After at least 15 years of procrastination, Lebanon’s first-ever comprehensive competition legislation was finally signed into law by President Michel Aoun last week. The law, which civil society groups and the international community have demanded for decades, purports to liberate Lebanon’s private sector from control by politically connected cartels.
Ideally, a strong competition law and regulatory authority would ensure that new companies do not face unfair barriers to entering Lebanese markets. Unreasonable barriers include collusion amongst cartels to fix market prices, dominate access to government permits, and manipulate supply and demand. An ideal commercial environment allows businesses to compete to deliver products that are cheaper and higher quality – lest they lose customers to a rival company.
This scenario has not existed in Lebanon for many years. In 2003, the country’s latest comprehensive market competition study found that half of Lebanon’s domestic markets are either monopolistic (dominated by one company) or oligopolistic (dominated by several companies). Free from proper competition regulation, these commercial groups have worked together to maintain high prices for products as disparate as fuel, cement, and potatoes.
Aware of these realities, parliamentarians hailed the competition law’s enactment as a new chapter for Lebanon. Yet these public comments are mainly intended for foreign rather than Lebanese ears, according to Myriam Mehanna, a lawyer and senior researcher at Universite Saint-Joseph de Beyrouth.
“There has been pressure on the Lebanese authorities to pass the competition law since the 2000s,” she explained. “It is a major condition of the International Monetary Fund and major nations […] to show that (Lebanon) is serious about reform.”
Unfortunately, Mehanna holds out little hope for improved market competition under the new legislation. “If anyone manages to get even one indictment (for anti-competitive practices), it will be heroic,” she predicted.
A (kind of) independent regulator
Considerable doubt looms over the National Competition Authority, which Article 25 tasks with “monitoring free market competition” and “supporting the competitive performance of markets.” Most countries rely on regulatory authorities to enforce competition laws; but doing so requires independence from political interference – an asset that the National Competition Authority will probably lack.
Mehanna highlights the membership requirements for the Competition Board, which leads the National Competition Authority’s operations.
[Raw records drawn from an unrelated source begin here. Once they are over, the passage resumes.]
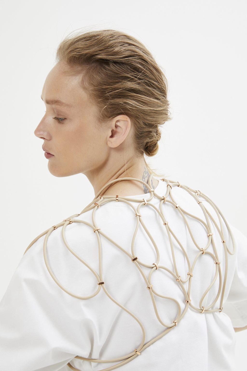 | Popis | Kolekce pro vlastní značku, která byla prezentována na Designbloku 2023 a získala nominaci na cenu Czech Grand Design v kategorii Designér šperku roku. Klíčovým prvkem kolekce jsou hravé linie, které připomínají plynutí meandrů řeky. Základním materiál, kožená šňůrka, se vinutím proměňuje v unikátní díla na hranici doplňku, oděvu a šperku. |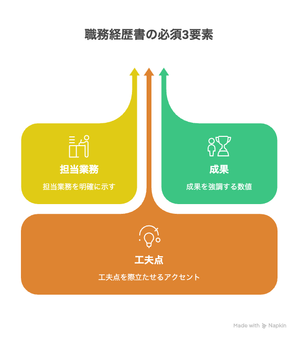職務経歴書は、これまでの実績やスキルを具体的に示す書類です。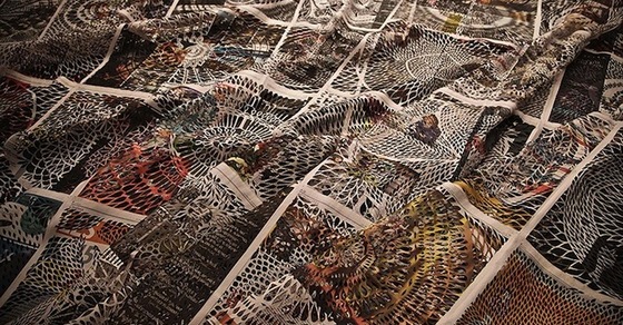 Мириам Дион – студентка кафедры изобразительного искусства и информационного дизайна Университета Квебека. Работая со старыми выпусками газет «Financial Times», «The International Herald Tribune» и «Le Devoir», она вырезает из бумаги затейливые, напоминающие старинное кружево, узоры. Скрепленные в полотна, способные покрыть целую стену, страницы газет становятся похожи на образцы сложного дизайнерского текстиля.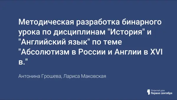 Урок разработан в соответствии с концепцией модернизации российского образования. При планировании урока применялись модульные технологии, основанные на компетенциях. Интеграция дисциплин дает возможность преодолеть дисциплинарную разобщенность научного знания, высвобождается учебное время, усиливаются внутрипредметные и межпредметные связи, расширяются сферы получаемой информации, подкрепляется мотивация в обучении. Цель урока – исследование развития абсолютизма в России и Англии в XVI веке.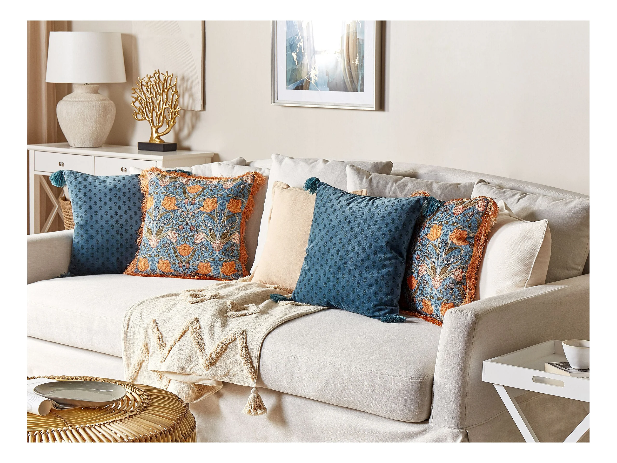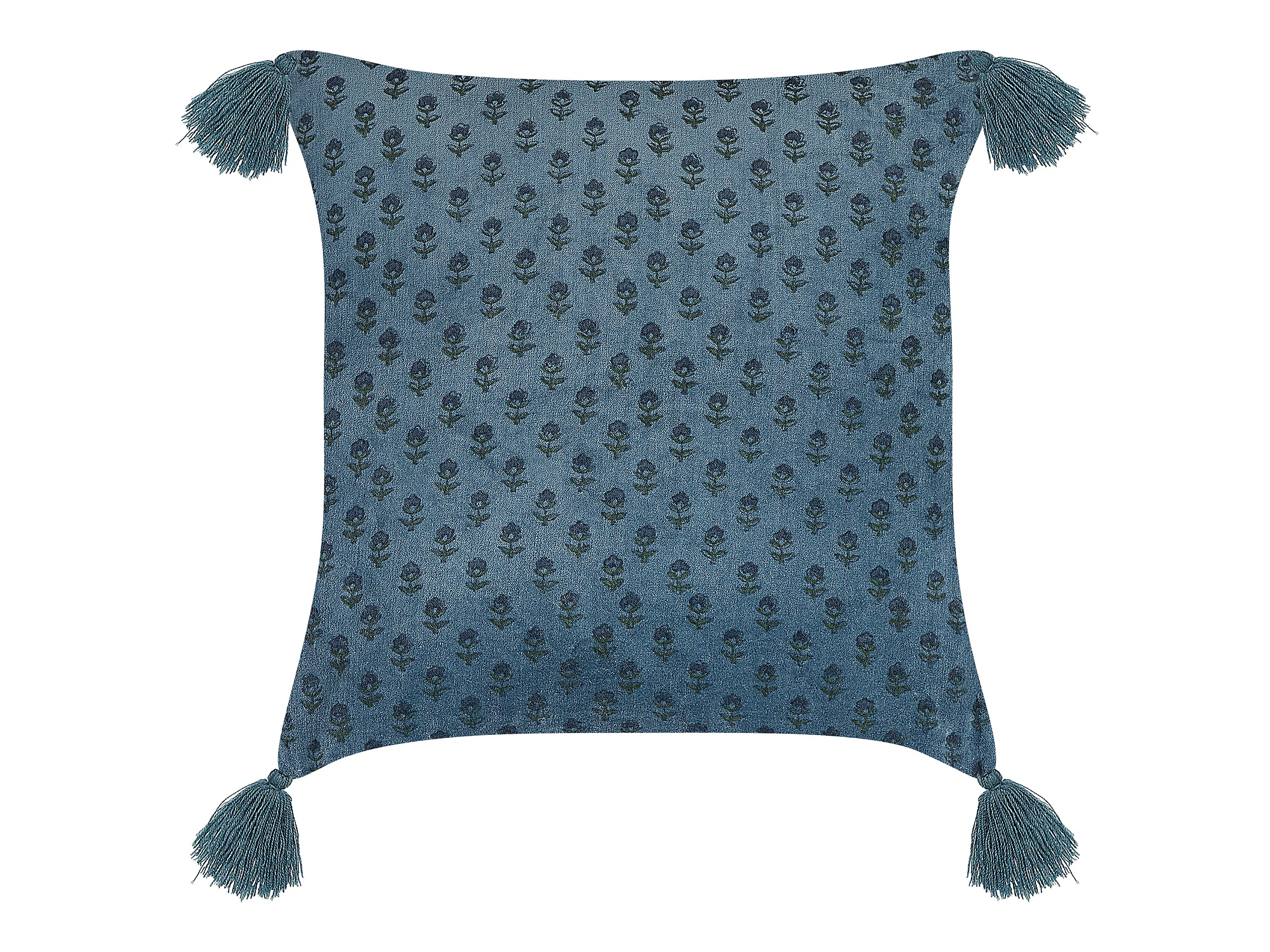 Dekokissen mit Füllung Quasten Blumenmuster blau Samt 45 x 45 cm Modern Ribes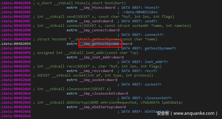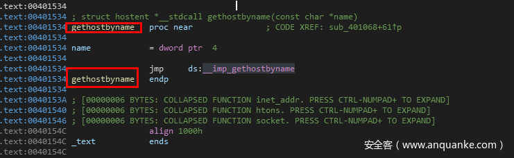 可以看到,这里是在一个名为gethostbyname的函数中调用了,我们继续对gethostbyname按X查看交叉引用,过来之后,gethostbyname函数前后的代码如下。

The competition law reserves places for judges, lawyers, and even members of the Chambers of Commerce, Industry, and Agriculture – but not for Lebanon’s long-suffering consumers.
“There is no seat for a consumer rights expert, but [the competition law] gives seats to the Chambers,” Mehanna stressed. “And we know whose interests they have defended over the past 30 years.”
Instead, appointments to the authority will have to be suggested by the competent minister—that is the justice minister for judges and the economy and trade minister for chambers. Then the cabinet, with all its infighting, will appoint the members of the authority. And there’s a catch: appointments need to come from either the director general level of the competent ministry or one occupational grade lower—positions that are customarily the result of sectarian horse trading between traditional powers in Lebanon. To boot, the authority itself will not be able to get off the ground until it is fully funded through a specific allocation in the national budget (which has yet to be passed), or foreign funding for its activities. Only then, can the authority start its work as the ‘independent’ regulator of competition in the country.
Fellow lawyer Zeina Jaber highlights the National Competition Authority’s institutional status as a glaring opening for political steering. Article 24 places the regulator under the ‘tutelage’ of the Ministry of Economy & Trade, to which it must report to. That said, while the authority must report to the ministry, in theory at least, the ministry cannot veto its decisions.
“It looks independent, but technically it is not,” argued Jaber. “We already have a lot of examples of bodies being led under the tutelage of ministries.”
In this sense, the new regulator faces the same independence crisis as the Consumer Protection Authority, which also operated under the Ministry of Economy & Trade’s tutelage. Throughout the Consumer Protection Authority’s existence, the body has struggled to secure funding and effectively break anti-competitive behaviour by Lebanon’s cartels.
Ink cannot change history
The new legislation does create basic offences for anti-competitive practices and agreements, which involve companies abusing a dominant position in the relevant sector, price fixing, stockpiling, collusion on government bids, obstructing products from entering the market, and exchange of sensitive information. Yet the market’s current structure suggests that the National Competition Authority will need dogged determination to make true inroads into Lebanon’s cartel-ridden economy.
Zuhair Berro, head of the Consumer Protection Association, highlights the challenge’s enormity through Lebanon’s cement production industry. Over decades, three companies have controlled the Lebanese market, enjoying exclusive access to government permits and benefiting from high tariffs that block competition from foreign producers.
Under the new legislation, Lebanon’s three cement cartel members clearly control over 40% of the market – an illegal “dominant position,” as per the law. Yet forcing the companies to comply with the competition law will be another matter entirely, given the cement cartel’s deep ties to Lebanese politicians.